Weekly Progress Report: #

This is the result of our team’s work.

Quiz Generation procedure Text summarizer procedure

Challenges & Solutions #

Model Behavior #

It was hard to make the model use pedantic validation: the challenge with model failing to follow instructions and putting some useless replicas or data with failing every validation.

The first step was prompt optimization, some class structure reorganization. After these steps, the model started to pass validation (at least each 5th try was a success).
The second step was to understand, that the Pydantic model was slightly incorrect, so Quiz and Question models were made: The Quiz consists of a list of Questions. This step made the model give quite good JSON-like output, but some phrases were still appearing, such as “Here is your quiz”, etc.
The third step was to discover, that the model used for generation is the Llama3:8b Chat model and by using Llama3:instruct no problems arose. The conclusion is to research the tasks for which the model was created.

Team coordination #

Do not permit workarounds or quick fixes that involve commenting out problematic code. Instead, require proper error resolution when issues arise during integration, as temporarily addressing errors through ‘comment-out fixes’ can create unintended bugs, particularly if these ‘fixes’ are committed to the main repository (e.g., GitHub).

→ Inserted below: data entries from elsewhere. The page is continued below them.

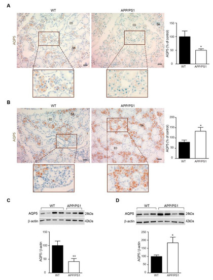Differentially Aquaporin 5 Expression in Submandibular Glands and Cerebral Cortex in Alzheimer’s Disease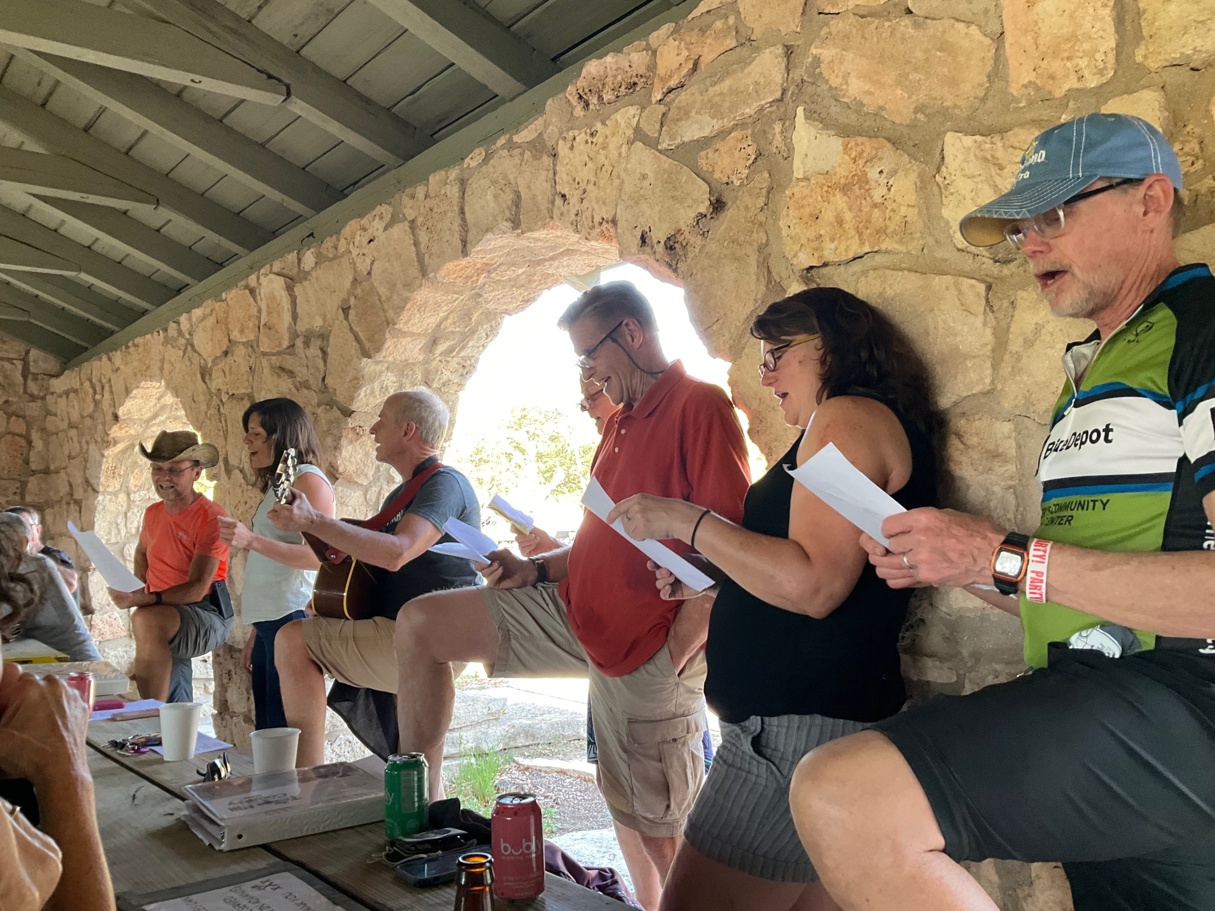 It being early and somewhat hungry, we split an order of the Southwest Eggrolls (crispy shells containing a mixture of spicey black beans and corn) along with an Independence IPA for Joanna and an Oktoberfest for me. It would hold us well for the rest of the afternoon as we arrived in camp at Blanco State Park, setting up the tent close to the luggage truck and the shelter where we would eat our meals.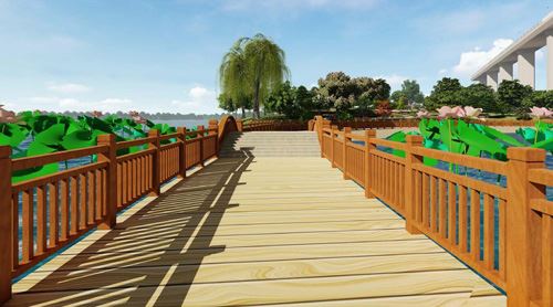以荷花為主題,堤岸打造木棧道,河岸搭配蘆葦等植物,充分發揮綠地效益。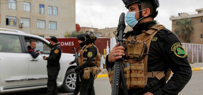 Members of the Iraqi security forces stand guard ahead of the planned visit of Pope Francis to Iraq, in Baghdad, Iraq March 4, 2021. REUTERS/Teba Sadiq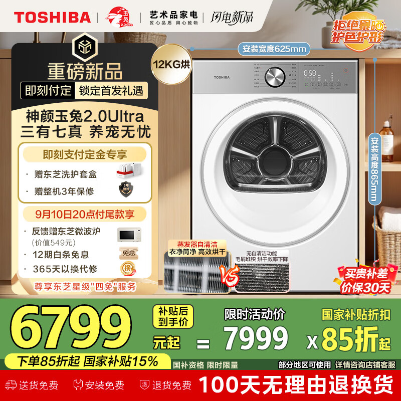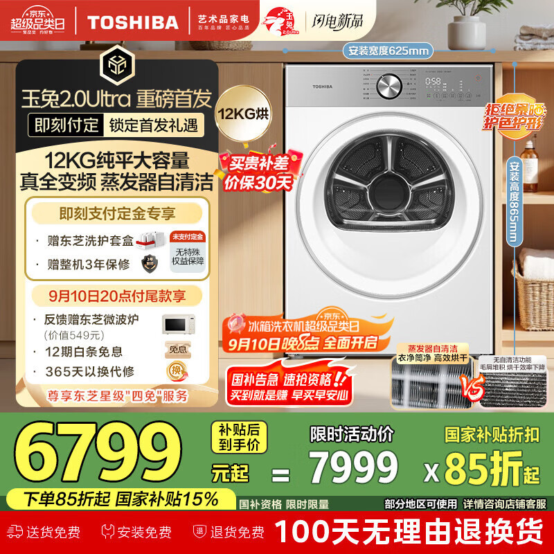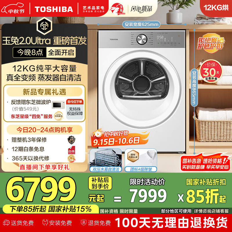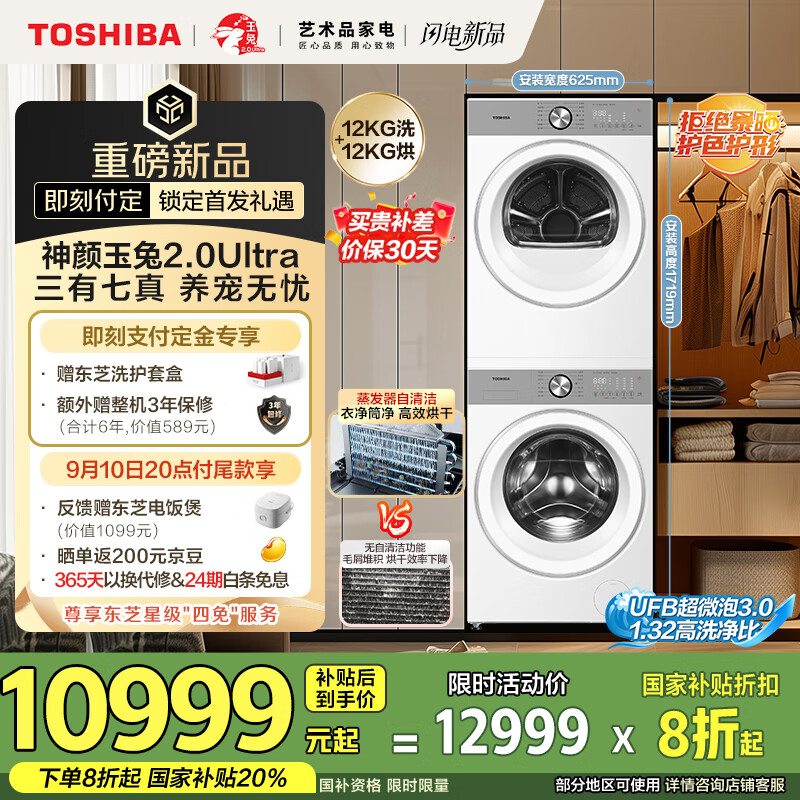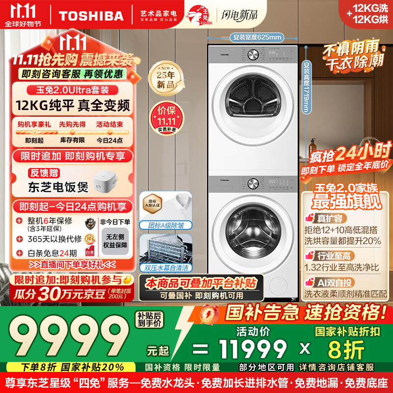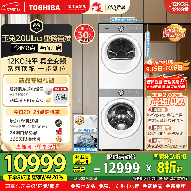 东芝(TOSHIBA)玉兔2.0Ultra洗烘套装 DG-12T18BW+T18BW 12KG大容量滚筒全自动洗衣机+变频热泵烘干机 洗净比1.32

Conclusions & Next Steps #

Conclusions #

This week was crucial for our team especially, for the prototype development. We were focused on setting up basic features like working with models, namely quiz generation and model output behavior understanding and parsing. We are planning to facilitate the working process of these functions, also more focus on the frontend side that would be beneficial for us.

Next Steps #

Design and build an asynchronous way to use Quiz Generation, since users most of the time do not need all questions at once, so we could deliver questions one by one as they generate. For this, we need to change the Django Backend structure and ML model calling design
- By doing this, we could lower the initial waiting time for users to get the first question
- Time for generating all quizzes stays the same, but it is distributed among users more-or-less evenly
- The code logic complexity increases, so the better way is to plan these features ahead
Continue the work on frontend
- Implement other POST requests reception and sending.
- Continue the never-ending work on improving the UI and UX.
- Finalize all the necessary windows, pages and pop-ups.